Yet thousands of people every year call BMW roadside or AAA with dead batteries


----------



## Daniel535i (May 24, 2016)

I use a Whistler Jump & Go brilliant tool, its the size of 3 iPhone 12's stacked on top of each other and same physical shape. My uncle has a 6 litre V8 LPG four-wheel drive. We disconnected the battery leads and directly hooked the jump starter to the battery leads and it started without any battery





 We recorded it


----------



## HotGrbg (Apr 23, 2021)

Sometimes it’s easier to jump start without a battery connected depending on how dead the battery is.
The jumper only has to start the vehicle and doesn’t have the massive amperage draw of the empty battery.
I don’t recommend this though as you can send voltage spikes through the vehicles electrical system without a battery installed to “buffer” the voltage.


----------



## Daniel535i (May 24, 2016)

HotGrbg said:


> Sometimes it’s easier to jump start without a battery connected depending on how dead the battery is.
> The jumper only has to start the vehicle and doesn’t have the massive amperage draw of the empty battery.
> I don’t recommend this though as you can send voltage spikes through the vehicles electrical system without a battery installed to “buffer” the voltage.


The battery wasn't actually flat I was convincing my uncle that these we powerful.

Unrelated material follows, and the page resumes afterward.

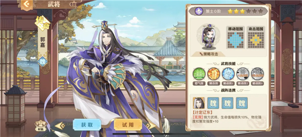 郭嘉在技能上兼顾了自身输出和增幅队友输出两方面,输出主要来自被动反击以及各种方式叠加的最终伤害,而伤害增幅的效果主要是因为战队连携“计定辽东”和大招“十胜天机”所附带的效果,只要我方武将,生命值每损失10%物攻就会+10。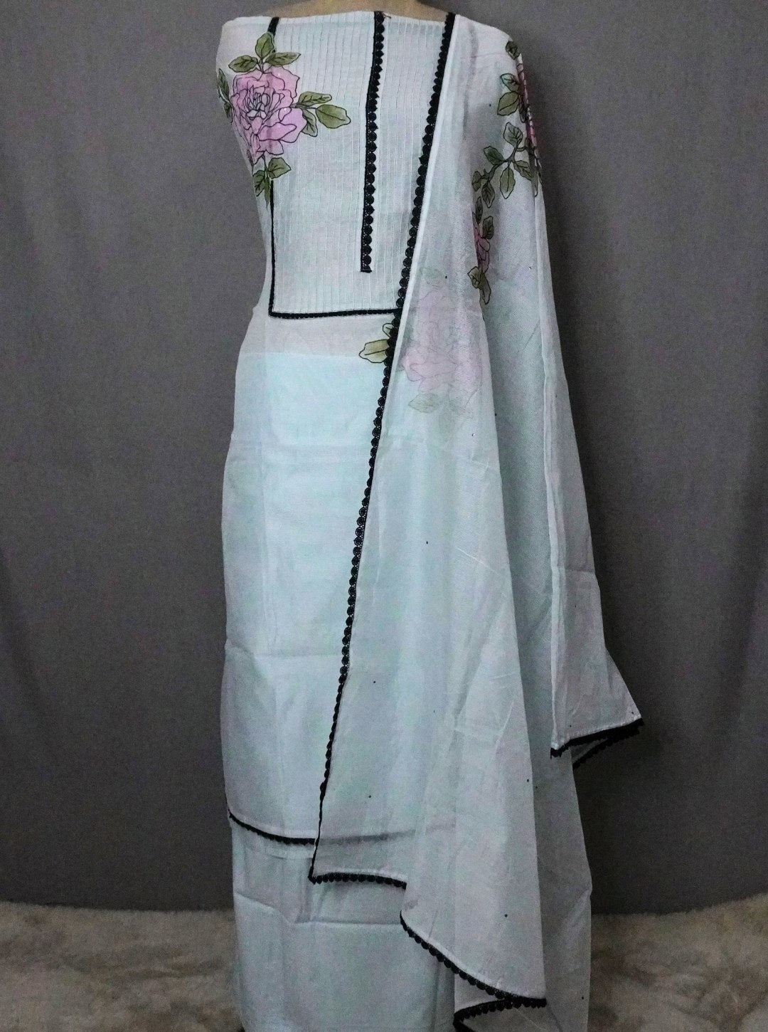 This elegant KOTA CHECKS DUSTY GREY HAND PRINT FLOWER SUIT features a sophisticated floral design, delicately embellished with shimmering sequins, creating a truly stunning and unique look. The lightweight and breathable cotton bottom provides comfort and effortless style. Perfect for any occasion, this suit exudes grace and charm.

That vehicle is very much mechanical and has very little electrics. Carbi engine but he built that all himself. The other car you can see in the video the white one in the garage is a 75 Mustang which is a 5.7 litre custom-built supercharged fuel-injected engine. But I understand what you mean, this is generally why I never jump-start other peoples cars.


----------



## cowboyjer.84 (6 mo ago)

Audew 2000 amp. I've started small diesel tractors with it. Easily starts gas v8s.


----------



## lieb923 (Jul 4, 2014)

cowboyjer.84 said:


> Audew 2000 amp. I've started small diesel tractors with it. Easily starts gas v8s.


+1 on the Audew 2000amp


----------



## chuckkel (6 mo ago)

Here is what I have: jump starter, large light, and tire pump. $139 with a discount coupon at Amazon.


----------